### Task to complete:
Restate word for word the lines of the records below, starting at the line that contains "мм | L4, мм |" and ending at the line that contains "Red, blue, tan", with both of those lines included and nothing else.

### Input records:
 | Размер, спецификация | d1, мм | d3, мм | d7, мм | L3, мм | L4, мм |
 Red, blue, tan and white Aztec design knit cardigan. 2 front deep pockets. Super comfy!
--
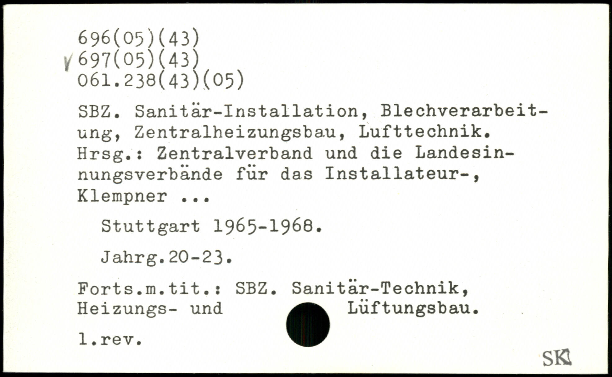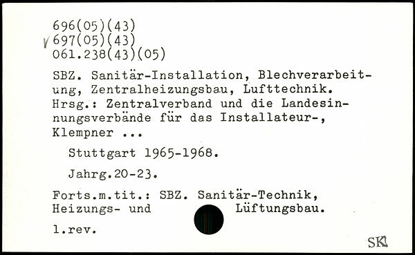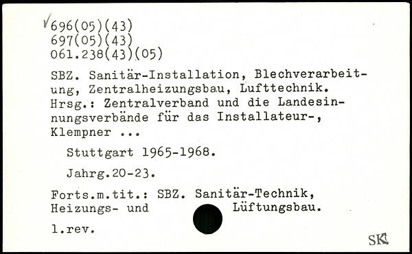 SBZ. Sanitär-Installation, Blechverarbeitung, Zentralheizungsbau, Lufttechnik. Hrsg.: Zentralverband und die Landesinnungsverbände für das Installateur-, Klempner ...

### Your solution:
 | Размер, спецификация | d1, мм | d3, мм | d7, мм | L3, мм | L4, мм |
 Red, blue, tan and white Aztec design knit cardigan. 2 front deep pockets. Super comfy!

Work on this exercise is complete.